MORI
May 25, 2017, 7:53pm
1
Hi,
I would like to initialize weights and bias with arbitrary values, not with uniforms or constant number.
class Model(nn.Module):
def init (self,init_param):
super(Model, self).init ()
self.conv1 = nn.Conv2d(512, 512, 3)
self.conv1.weight = initial_param[‘weight’]
self.conv1.bias = initial_param[‘bias’]
def forward(self, x):
return F.relu(self.conv2(x))
model = Model(initial_param)
initial_param[‘weight’] and initial_param['bias] are torch.FloatTensor of size 512x512x3x3 and 512 respectively.
I got following error
TypeError: cannot assign ‘torch.FloatTensor’ as child module ‘conv1’ (torch.nn.Module or None expected)
How to assign arbitrary values to parameters?
Now, my purpose is convert torch(lua) model to pytorch model.( torch.legacy.nn.Sequential to pytorch model)
I’m trying to extract weight and bias from legacy model and assign to pytorch model since there is no way to do it automatically.
Thanks.
mbp28
(mbp28)
May 25, 2017, 8:26pm
2
Hey,
I think something like this could work for you:
self.conv1.weight = torch.nn.Parameter(initial_param['weight'])
self.conv1.bias = torch.nn.Parameter(initial_param['bias'])
For example, the following code runs without error:
import torch
from torch.autograd import Variable
import torch.nn as nn
import torch.nn.functional as F
class Kernel_Emb(nn.Module):
def __init__(self,D_in,H,D_out):
super(Kernel_Emb, self).__init__()
self.linear1 = nn.Linear(D_in,H)
self.linear2 = nn.Linear(H,D_out)
self.linear1.weight = torch.nn.Parameter(torch.zeros(D_in,H))

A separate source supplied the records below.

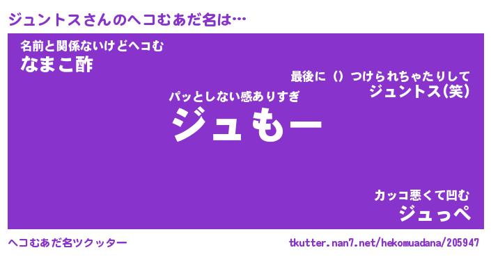| ヒーロー風カッコイイあだ名 | 『スーパージュントス』『暗黒騎士ジュ』 |
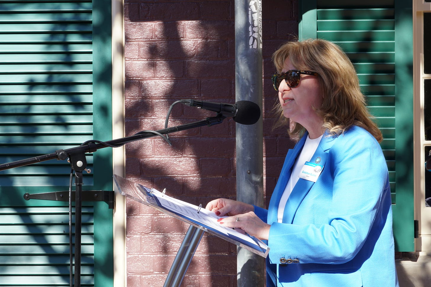 About 100 people gathered Saturday at the Freedom House Museum for a ribbon-cutting ceremony marking the completion of a 16-month exterior restoration project.
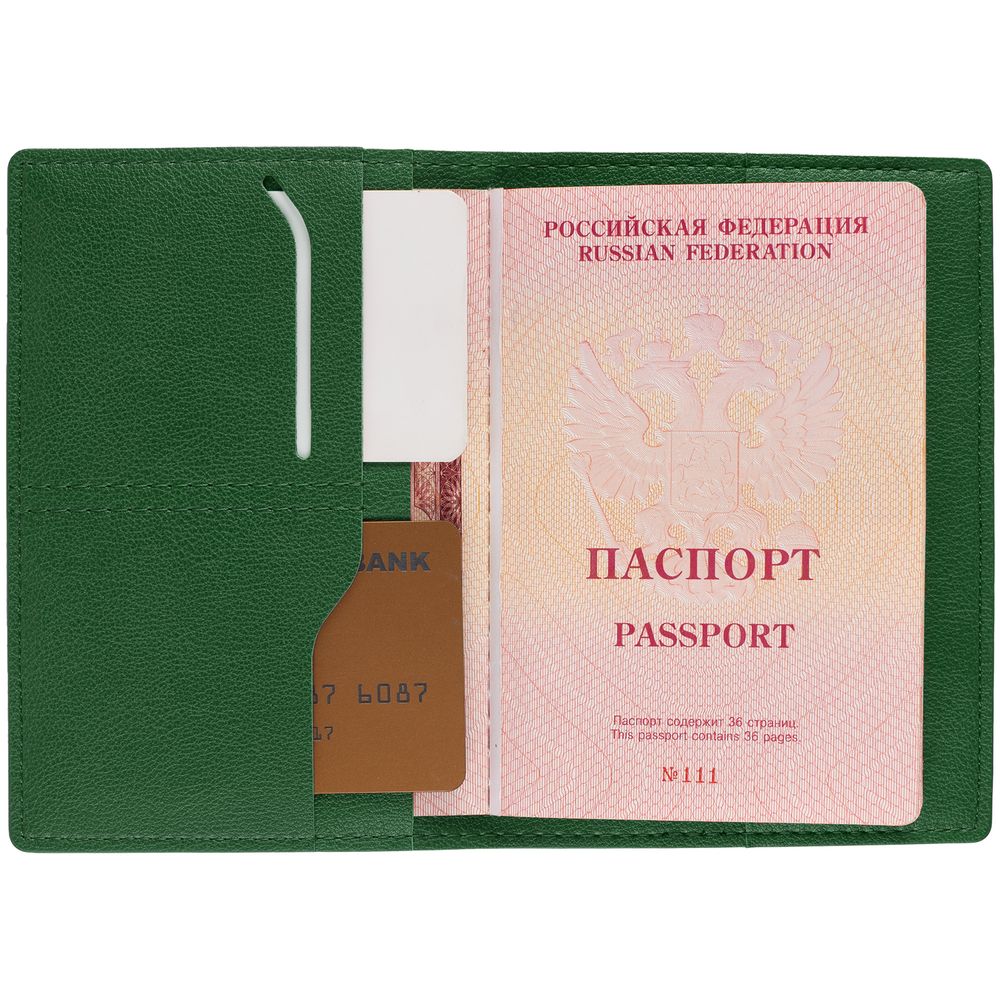 Имеет основное отделение для паспорта и 2 кармана для визиток или кредитных карт.
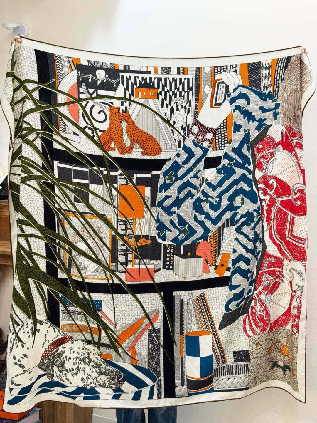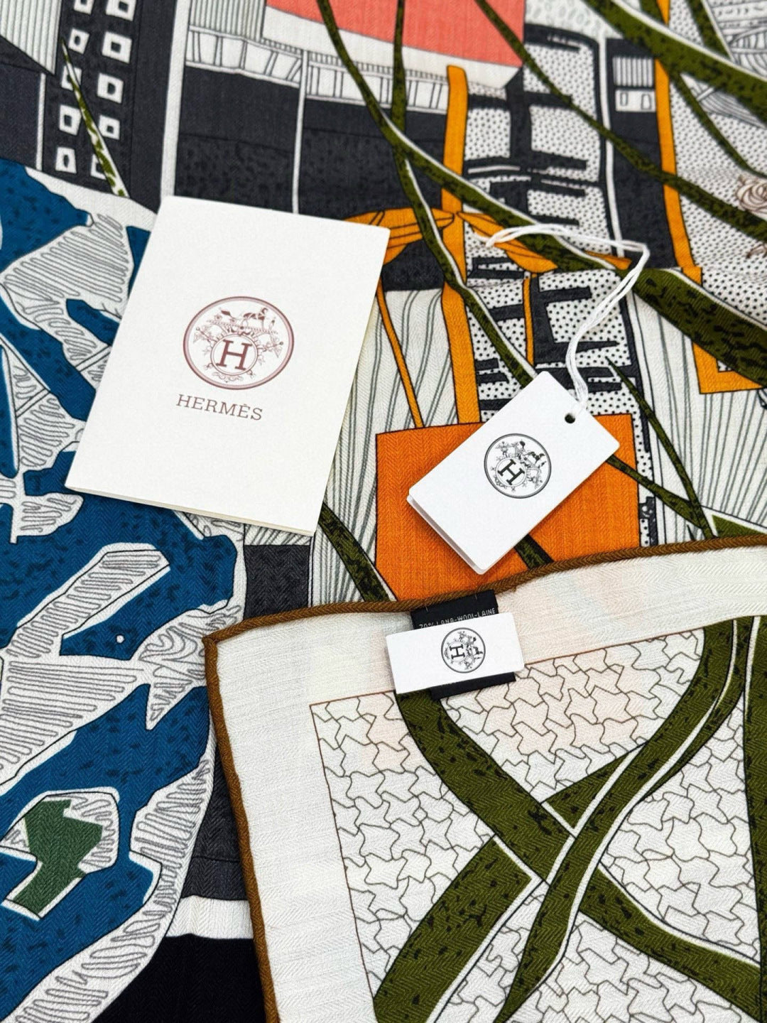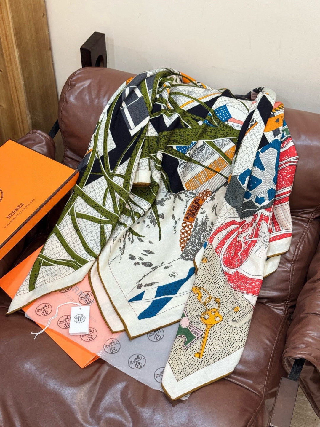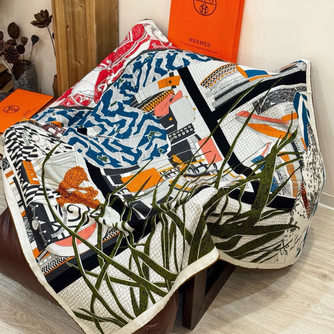 HM 25s Essential Scarf 140cm Green Colorful Cashmere Silk 967425
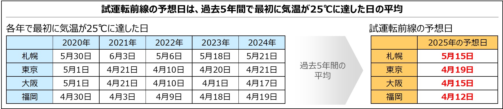 本前線に記載の予想日は、全国の各地域の過去5年間において、各年の最高気温が25℃に達した最初の日を調査し、それらを平均した日としています。
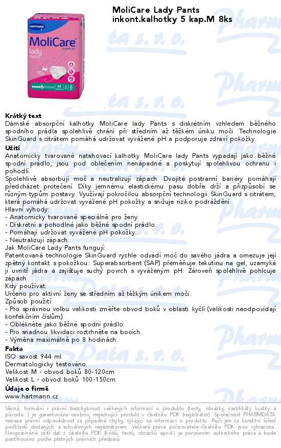 MoliCare Lady Pants inkont.kalhotky 5 kap.M 8ks
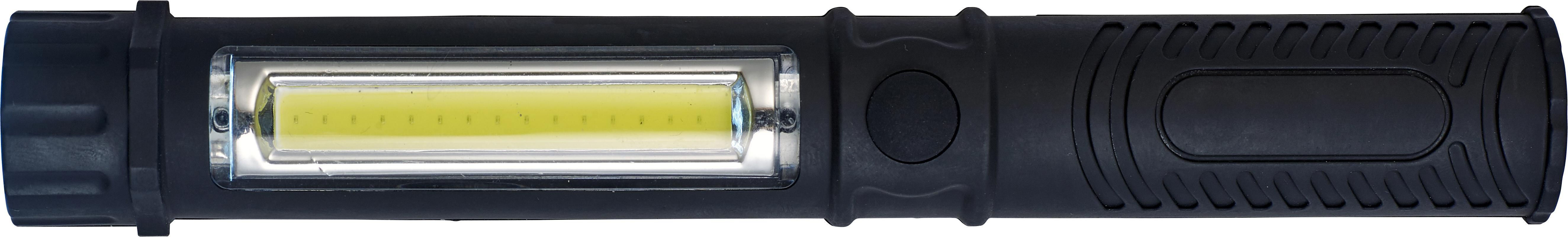 Torche en ABS munie de LEDS COB et d'une LED blanche, équipée d'un aimant et d'une pince, piles incluses.
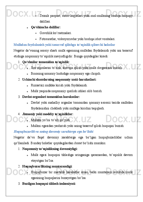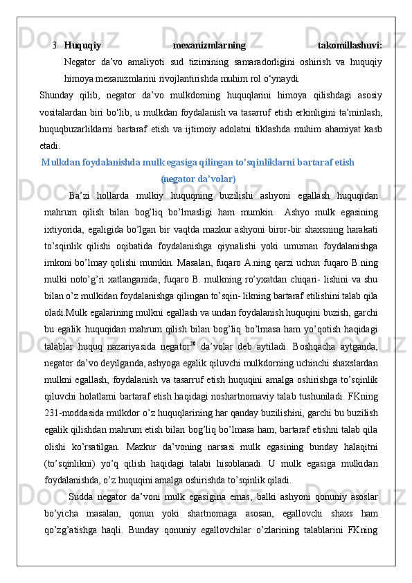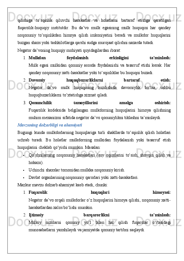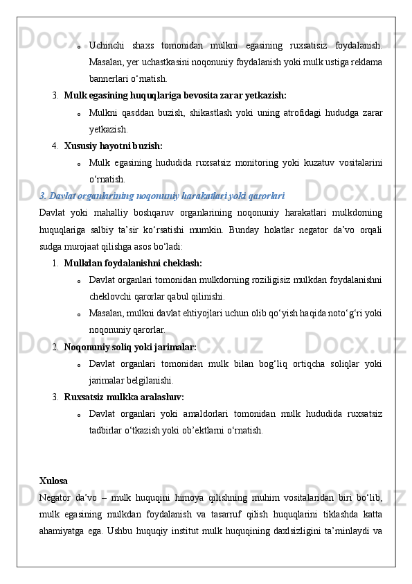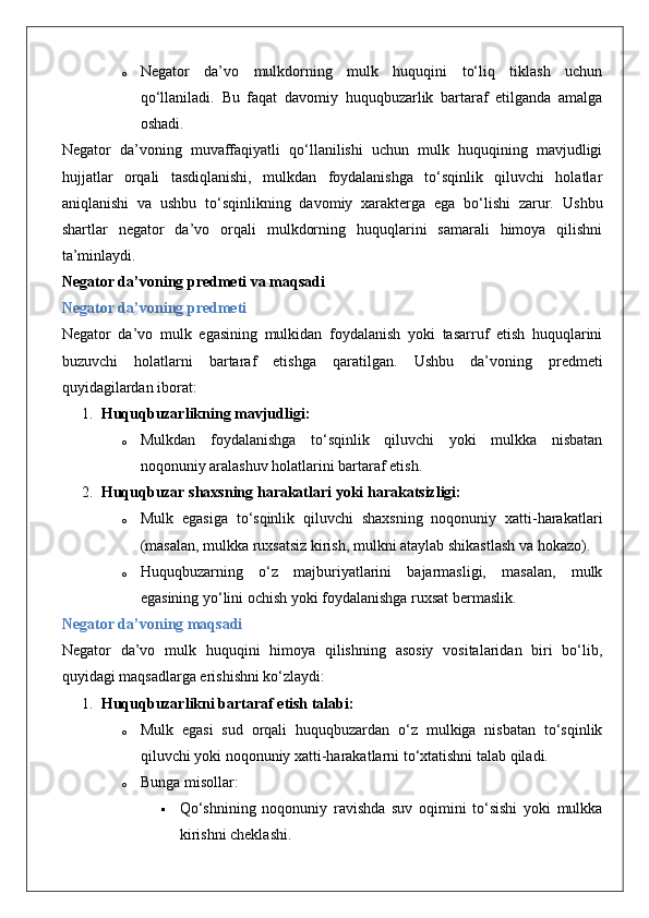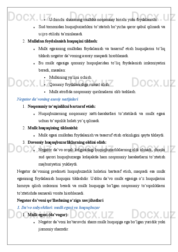 Mulkdorning huquqlarini egalik qilishdan mahrum etish bilan bog‘liq bo‘lmagan huquqbuzarliklardan himoya qilish (negator da’vo).
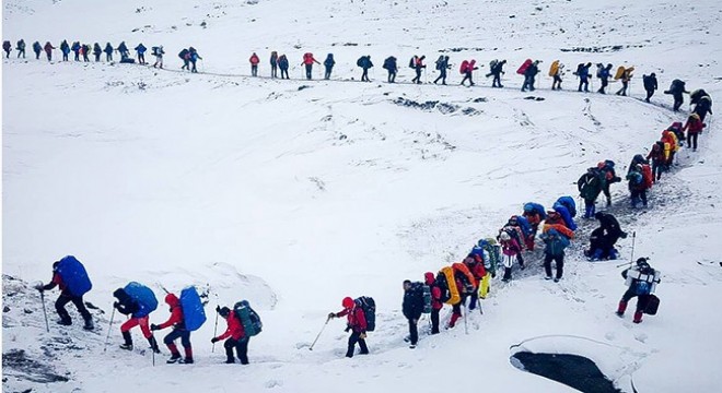 Türkiye Dağcılık Federasyonu tarafından gerçekleştirilen anma tırmanışı kapsamında 203 sporcu ile Sarıgül Köyü’ndeki ilk kampın ardından 2 bin 800 metre yükseklikte bulunan ana kampa ulaştı. Allahuekber Dağı zirvesine ulaşan ekip sonrasında zirve altında bulunan Sarıkamış Şehitliği’ne ulaştı.
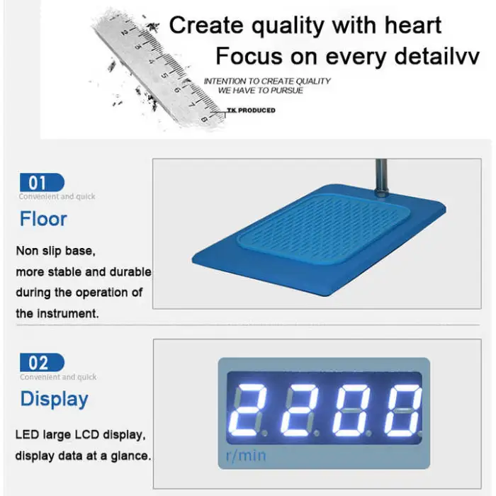 The mixer is designed for easy operation and adjustment with a clear LCD speed display.
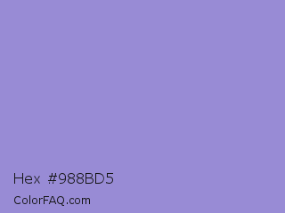Hex #988bd5 Color is a light indigo color and the nearest color is Blue Bell Crayola #9999cc. Hex code #988bd5 and RGB value is rgb(152,139,213). In RGB color space, this color is composed of 60% red, 55% green, 84% blue, In CMYK color space, this color is composed of 29% cyan, 35% magenta, 0% yellow , 16% black , In HSL color space, this color has a hue angle of 251° , 47% saturation and 69% lightness.
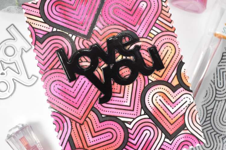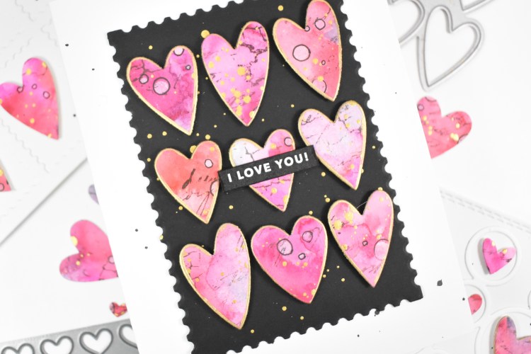 Once the panel was dry, I used the A2 Postage Rectangles to trim it down, and then added some black to some of the hearts using a Copic Marker. The sentiment was cut once from glossy black cardstock and three times from regular black cardstock. Those were all adhered together for a stacked sentiment and then adhered to the panel using foam strips.
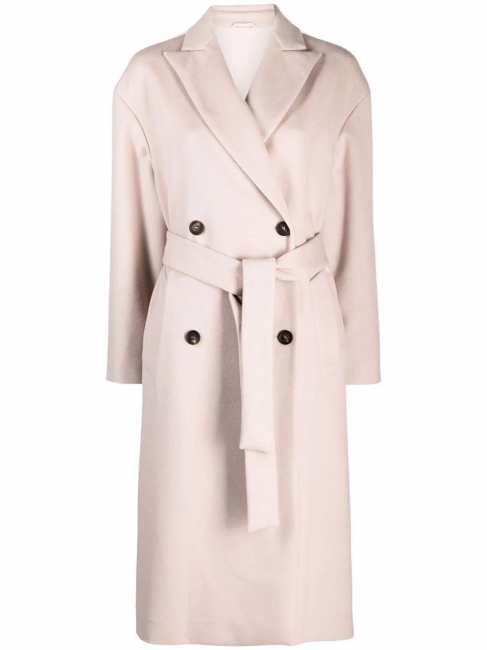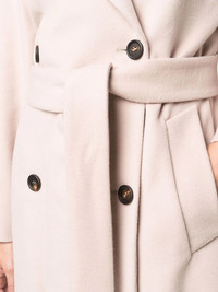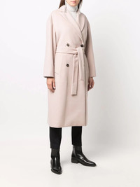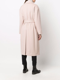 double-breasted wool-cashmere blend coat light pink wool-cashmere blend peak lapels double-breasted button fastening belted waist long sleeves two side slit pockets straight hem central rear vent Made in Italy Composition Outer: Wool 96%, Cashmere 4% Lining: Cupro 100%, Acetate 74%, Silk 26% SIZE & FIT Model measurements Height 5 ft 10 in(1.78 m) Bust/Chest 33.07 in(84 cm) Hips 35.82 in(91 cm) Waist 26.96 in(68.5 cm) FittingInformation This piece fits true to size. We recommend you get your regular size Cut for a loose fit. Comes with an adjustable belt for a flexible fit at the waist Made with a mid-weight non-stretch fabric Washing instructions Dry Clean Only
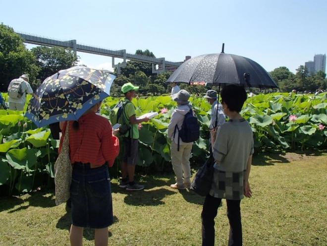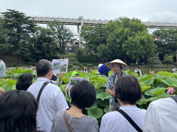ハス守さん(ボランティア)がオオガハスについて説明を行います。
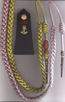 | Fourragères | aux couleurs du ruban de la Médaille militaire deux olives aux couleurs des rubans des Croix de guerre 1914-1918 et 1939-1945 aux couleurs du ruban de la Croix de guerre théâtre d'opérations extérieures |
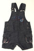 En chambray, bretelles réglables par pressions, 2 poches, pressions masquées à l'entrejambe, logo brodé.
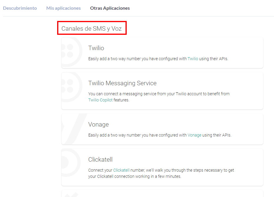 Después de elegir tu canal SMS, sigue el paso a paso para realizar esta integración. Aquí tenemos los canales SMS disponibles en el proyecto.
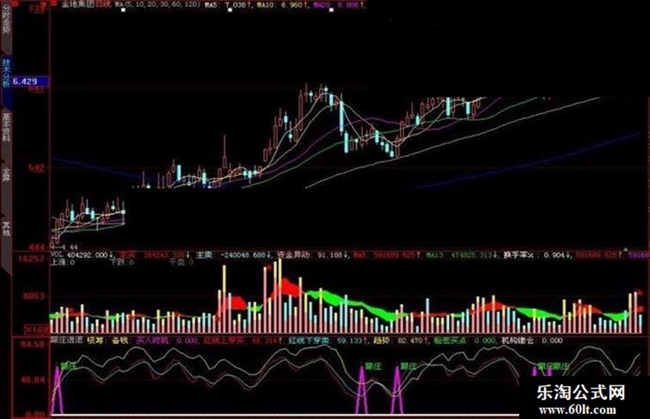买入时机: IF(CROSS(J,3),65,0),colorFF00FF,linethick3;
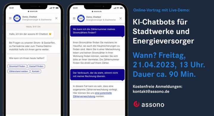 Am 21. April um 13 Uhr haben wir einen Online-Austausch zum Thema „Nutzen von KI-Chatbots für Stadtwerke und Energieversorger“ geplant. In dem kostenlosen Zoom-Meeting sprechen unsere Chatbot-Experten mit Ihnen über die Vorteile eines KI-Chatbots für Stadtwerke und Energieversorger, teilen Erfahrungswerte aus der Praxis und zeigen Ihnen eine Live-Demo. „Wie setzen sich die Energiepreise zusammen? Wie oft wird der Zähler abgelesen? Wie kann ich Strom sparen?“ Viele Fragen, die Kunden an ein Stadtwerk oder einen Energieversorger haben, treten immer wieder aufsWeiterlesen

self.linear1.bias = torch.nn.Parameter(torch.ones(H))
def forward(self, x):
h_relu = self.linear1(x).clamp(min=0)
y_pred = self.linear2(h_relu)
return y_pred
net = Kernel_Emb(embd_dim,H1,kernel_dim)
print(net.linear1.bias) ###this prints ones.
5 Likes
Came
(Came)
March 11, 2019, 11:26pm
4
Based on the discussion here,
I think the shape pf weight matrix in linear layer should be reverse.
change:
self.linear1.weight = torch.nn.Parameter(torch.zeros(D_in,H))
to
self.linear1.weight = torch.nn.Parameter(torch.zeros(H,D_in))
1 Like
you are right, the parameters should be in the reverse order